Task requirements
No pictures belong in the result; set down exactly the lines from the one containing "Акумуляторна болгарка WORCRAFT" through the final line of the listing, and nothing more.

Raw data
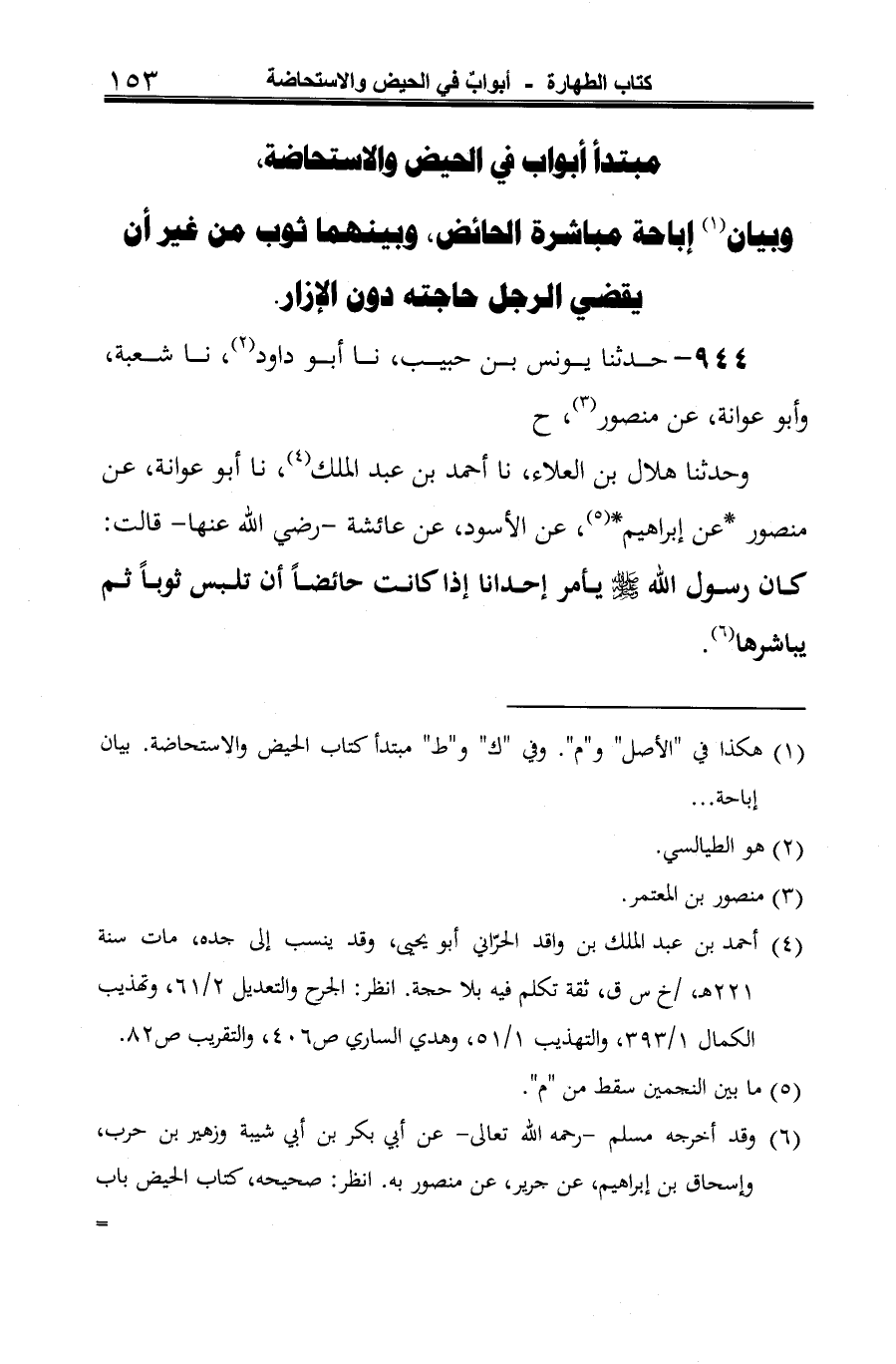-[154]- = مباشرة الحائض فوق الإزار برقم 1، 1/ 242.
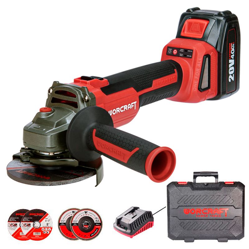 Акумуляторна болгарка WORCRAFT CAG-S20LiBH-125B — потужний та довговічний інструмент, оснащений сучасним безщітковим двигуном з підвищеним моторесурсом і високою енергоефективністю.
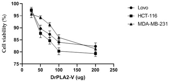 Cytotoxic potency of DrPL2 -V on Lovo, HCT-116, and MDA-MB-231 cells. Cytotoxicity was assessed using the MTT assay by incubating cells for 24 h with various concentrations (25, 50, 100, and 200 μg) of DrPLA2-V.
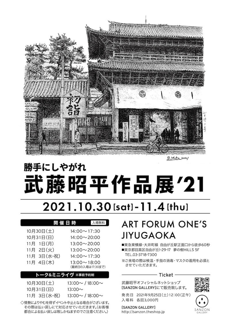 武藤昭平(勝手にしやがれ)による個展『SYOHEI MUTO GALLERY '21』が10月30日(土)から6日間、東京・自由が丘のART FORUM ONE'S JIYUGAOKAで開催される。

Solution
 Акумуляторна болгарка WORCRAFT CAG-S20LiBH-125B — потужний та довговічний інструмент, оснащений сучасним безщітковим двигуном з підвищеним моторесурсом і високою енергоефективністю.
 Cytotoxic potency of DrPL2 -V on Lovo, HCT-116, and MDA-MB-231 cells. Cytotoxicity was assessed using the MTT assay by incubating cells for 24 h with various concentrations (25, 50, 100, and 200 μg) of DrPLA2-V.
 武藤昭平(勝手にしやがれ)による個展『SYOHEI MUTO GALLERY '21』が10月30日(土)から6日間、東京・自由が丘のART FORUM ONE'S JIYUGAOKAで開催される。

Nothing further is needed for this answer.